NOTE — the refine provides ONE polynomial step; the iteration count is firmware. The TIE op supplies a single QLI refine step plus the coefficient tables. Any further Newton/QLI iteration on top of these seeds is a firmware-kernel decision, out of the ISA carve.
[HIGH structure / iteration-count CARRIED firmware]
4.5 Timing and worked pattern [HIGH/OBSERVED]
This is the deepest vector latency in the batch: the IVP_RECIPQLIN_2XF32_0 scoreboard runs
…_inst_stage0 … _stage15 — 16 stages. USE vr@10, the 5 enables + 5 flags @14, CPENABLE@3; DEF
recip/rsqrt prefanout @9, flop2@11, flop3@12, vt@13 (≈3-cycle result latency), FSR flag writeback
@14, and VectorPipeImpreciseErr@15 (the pipe-level imprecise-error output). The fp transcendental pipe
is thus ~2 cycles deeper than the integer ALU and ~1 deeper than the fp-FMA.
recipqli.s v4, v6 → 32505818e206452f { nop; nop; nop; recipqli.s v4, v6 }
ivp_recipqlin_2xf32_0 v4, v6 → 32505718e206452f ([7:4]/byte 0x58→0x57 = .S/seg-0 discriminator)
ivp_recipqlin_2xf32t_0 v4, v6, vb1 → 325016184206452f (T form: selector narrows, vbr=vb1, bit[0]=1)

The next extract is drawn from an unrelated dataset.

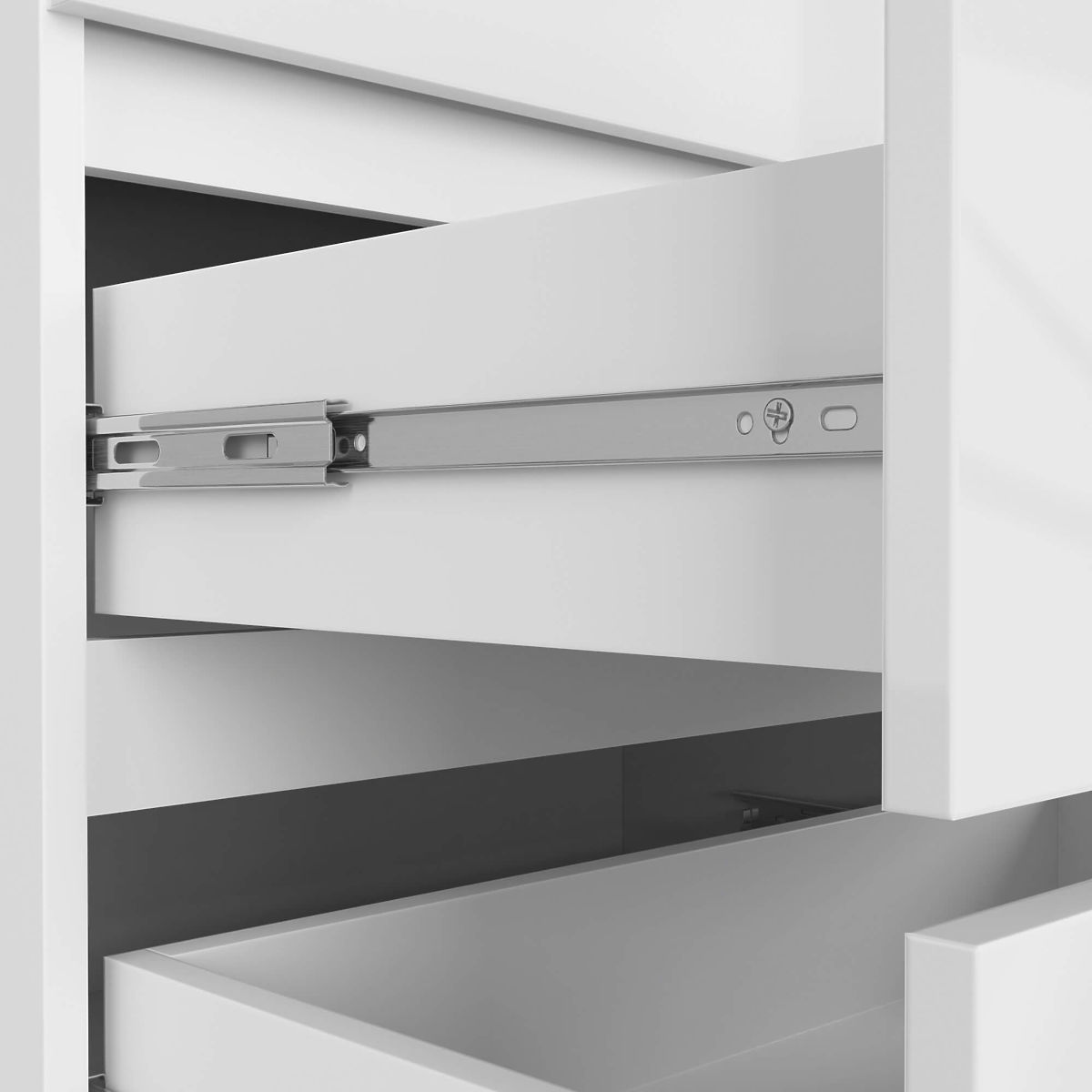 - Zásuvky se pohybují na kovových kuličkových pojezdech - Hrany olepené ABS hranou zajišťující vysokou ochranu proti poškození

Worked value: vr lane = 2.0 (0x40000000) → seed ≈ 0.498 (the §4.1 recip0 output) → QLI refine to
≈ 0.5 (0x3F000000); the seg-0 (A, gx) pair bracketing the mantissa drives the polynomial; RNE round; no
exception. [HIGH/OBSERVED — round-trip oracle; value path via the live seed leaf]
5. Groups 4 & 5 — ivp_sem_rur_fcr_fsr / ivp_sem_wur_fcr_fsr (fp control state) [HIGH/OBSERVED]
5.1 Role and the FCR/FSR field layout
Move the floating-point control register (FCR = dynamic round mode + exception enables) and status
register (FSR = sticky exception flags) between an AR and the fp-control state. These are the vector-pipe
URs, not the base THREADPTR UR. RUR.* read into an AR; WUR.* write from an AR; the FSR flags are sticky
(shared_or), set on raise and cleared only by WUR.FSR.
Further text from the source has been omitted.